TOWN OF DANSVILLE POLICE DEPARTMENT,
et al.,
Defendants.
________________________________________________
Plaintiff commenced this action pro se on September 4, 2013. Plaintiff’s Amended
Complaint asserts claims of common law negligence and violation of plaintiff’s rights under the
Fourth Amendment to the United States Constitution, pursuant to 42 U.S.C. §1983 (“Section
1983”) against the Town of Dansville Police Department, its Police Chief, and three police
officers. (Dkt. #1, #17). Defendants now move to dismiss the complaint under Fed. R. Civ.
Proc. 12(b)(6) on the grounds that, inter alia, the facts alleged by plaintiff fall outside of the
relevant three-year statute of limitations.
For the reasons that follow, defendants’ motion (Dkt. #24) is granted, and the complaint
is dismissed.
DISCUSSION
I.
Standard on a Motion to Dismiss
Federal Rule of Civil Procedure 12(b)(6) provides that a complaint may be dismissed for
failure to state a claim upon which relief can be granted. Fed. R. Civ. Proc. 12(b)(6). In
deciding a motion to dismiss under Rule 12(b)(6), a court must “accept the allegations contained
in the complaint as true, and draw all reasonable inferences in favor of the non-movant.”

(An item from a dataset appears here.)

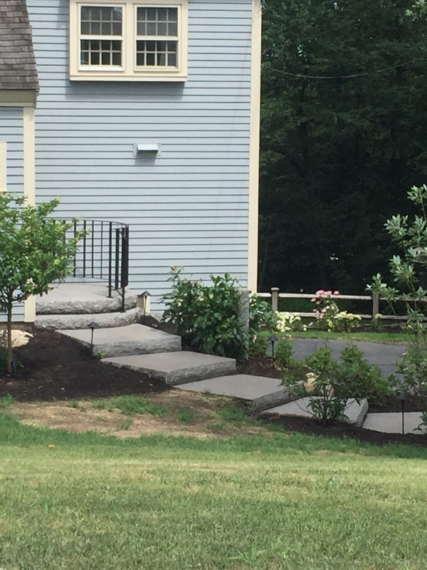 Choose between a variety of granite colors, bluestone, brownstone, stone veneer, or brick to create your own inviting entrance. Sudbury Stone and Hardscape specializes in the construction of stone slab staircases and entrances using solid custom cut stone. We can repair existing damage to your masonry steps, reface or remodel your existing steps, and repair and lead flash rotted and damaged sills .

Sheppard v. Beerman, 18 F.3d 147, 150 (2d Cir. 1994). Nonetheless, “a plaintiff's obligation . . .
requires more than labels and conclusions, and a formulaic recitation of the elements of a cause
of action will not do. Factual allegations must be enough to raise a right to relief above the
speculative level.” Bell Atlantic Corp. v. Twombly, 550 U.S. 544, 555 (2007).
Where, as here, the plaintiff is proceeding pro se, the Court will read the complaint
“liberally and interpret [it] to raise the strongest arguments [it] suggest[s].” McPherson v.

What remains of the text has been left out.